I’m very pleased to say that an essay of mine has been accepted for a forthcoming volume: The Web as History: the first two decades. It is edited by Niels Brügger and Ralph Schroeder, and will appear Open Access with UCL Press in 2016.

Here’s my abstract:

‘Much of the discourse that historians of contemporary religion until recently tracked in correspondence, periodical publication and print ephemera has migrated online. But the task of understanding religious discourse in the UK web space has hardly begun. The task is hard to undertake at the highest level since there are no second-level domains that serve as useful units of analysis — there is no faith.uk to match nhs.uk or ac.uk.

‘This chapter represents a first step towards understanding the evolution of the UK religious web space, by means of two interrelated case studies, which between them point to the agenda and content of a larger research project. Both studies utilise the JISC UK Web Domain Dataset for the period 1996-2008, as held by the British Library.

‘Firstly, it will examine the web archive footprint left by the public controversy in 2008 over the comments made by Rowan Williams, archbishop of Canterbury, on the matter of sharia law. Using both the link graph and a direct qualitative analysis of archived content, it will explore both the shape and the content of the controversy and show the degree to which religious debate had not only migrated from print to the web, but in doing so had engaged different actors and lost others, and changed in its tone.

‘Secondly, it will consider the growing tension in religious discourse between faith groups and organisations with a secularist agenda. Again, using the link graph and some qualitative analysis, it will explore the patterns in which linkages grew and shifted between the web estates of key but opposed organisations in relation to issues including faith schools and creationism, the reform of the law on blasphemy, and the place of the bishops in the House of Lords.

Will historians of the future be able to study Twitter?

Over the last year or so, the IHR Digital History seminar has become increasingly web-focussed, which is of course of interest to me (if not necessarily to everyone.) Last week we had an excellent paper from Jack Grieve of Aston University on the tracking of newly emerging words as they appeared in large corpora of tweets from the UK and the US. By amassing very large tweet datasets, he and his colleagues are able to observe the early traces of newly emerging words, and also (when those tweets were submitted from devices which attach geo-references) to see where those new words first appear, and how they spread. Jack and his colleagues are finding that words quite often emerge first (in the US) in the east and south-east (or California) and then spread towards the centre of the continent. They don’t necessarily spread in even waves across space, or even spring between urban centres and then to rural areas (as would have been my uneducated guess).
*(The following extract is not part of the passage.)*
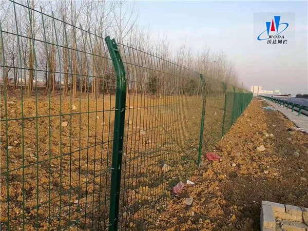 7、尺寸和型號符合要求的高速公路隔離網網片,應按圖紙規定的方式從立柱端部開始牢固安裝到立柱的掛鉤上;或將網片安裝在框架內,框架與立柱連接應牢固。所有的網片及鐵絲均應繃緊而不變形,其安裝高度應符合圖紙規定。隔離柵安裝完畢,立柱基礎均需進行最后壓實處理。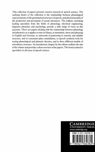 This collection of papers presents current research in speech science. The unifying theme of the collection is the relationship between phonological representations of the grammatical structure of speech, and physical models of the production and perception of actual utterances. The authors, including leading specialists from the fields of phonology, electrical engineering, linguistic phonetics and psychology, provide a wide range of views on this question. There are papers dealing with the relationship between phonology and phonetics as it applies to tone in Hausa, to intonation, stress and phrasing in English and German, to universals of patterning in sonority and syllable structure, and in consonant place assimilation, to speech synthesis tools for testing phonological and phonetic theories, and to three different models of articulatory structure. An introductory chapter by the editors outlines the aim of the volume and provides a short overview of the papers. The book is aimed at specialists in all areas of speech science.

Read more at the project site, treets.net, or watch the paper.

This kind of approach is quite impossible without the kind of very large-scale natural language data such as social media afford. This is particularly so as most words are (perhaps counter-intuitively) rather rare. In the corpus in question, the majority of the 67,000 most common words appear only once in 25 million words. Given this, datasets of billions of tweets are the minimum size necessary to be able to see the patterns.
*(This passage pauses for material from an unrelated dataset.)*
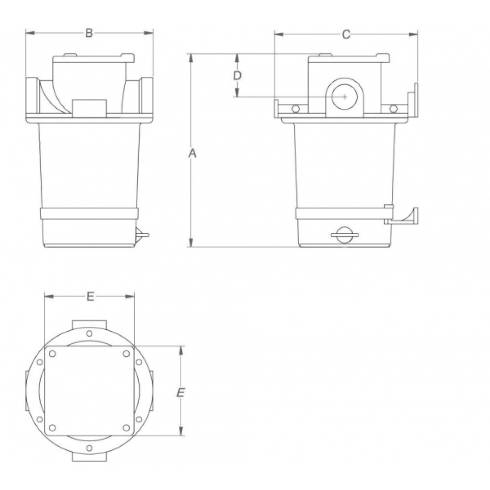 Döküm bronz, şeffaf cam, AISI 304 paslanmaz çelik filtre elemanı.

It was interesting to me as a convenor to see the rather different spread of people who came to this paper, as opposed to the more usual digital history work the seminar showcases. Jack focussed on tweets posted since 2013; a time span that even the most contemporary historian would struggle to call their own; and so not so many of them came along – but we had perhaps our first mathematician instead. This was a shame, as Jack’s paper was a fascinating glimpse into the way that historical linguistics, and indeed other types of historical enquiry, might look in a couple of decades’ time.

But there is a caveat to this, which was beyond the scope of Jack’s paper, to do with the means by which this data will be accessible to scholars of 2014 working in (say) 2044. Jack and his colleagues work directly from the so-called Twitter “firehose”; they harvest every tweet coming from the Twitter API, and (on their own hardware) process each tweet and discard those that are not geo-coded to within the study area. This kind of work involves considerable local computing firepower, and (more importantly) is concerned with the now. It creates data in real time to answer questions of the very recent past.
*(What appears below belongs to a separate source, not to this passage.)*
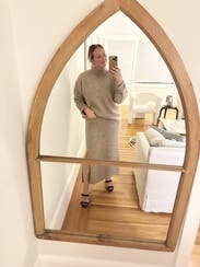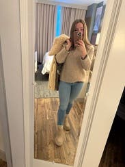 This Rails top is the perfect beige color. The texture is beautiful and gives it that cozy, elevated feel. It is a bit scratchy, but wearing an undershirt makes it totally fine. I do wish the collar was either a full turtleneck or a crew since the mini mock neck felt a little in-between, but it still looked great styled. It’s warm and ideal for the cooler side of the season

Researchers working in 2044 and interested in 2014 may well be able to re-use this particular bespoke dataset (assuming it is preserved – a different matter of research data management, for another post sometime). However, they may equally well want to ask completely different questions, and so need data prepared in a quite different way. Right now, the future of the vast ocean of past tweets is not certain; and so it is not clear whether the scholar of 2044 will be able to create their own bespoke subset of data from the archive. The Library of Congress, to be sure, are receiving an archive of data from Twitter; but the access arrangements for this data are not clear, and (at present) are zero. So, in the same way that historians need to take some ownership of the future of the archived web, we need to become much more concerned about the future of social media: the primary sources that our graduate students, and their graduate students in turn, will need to work with two generations down the line.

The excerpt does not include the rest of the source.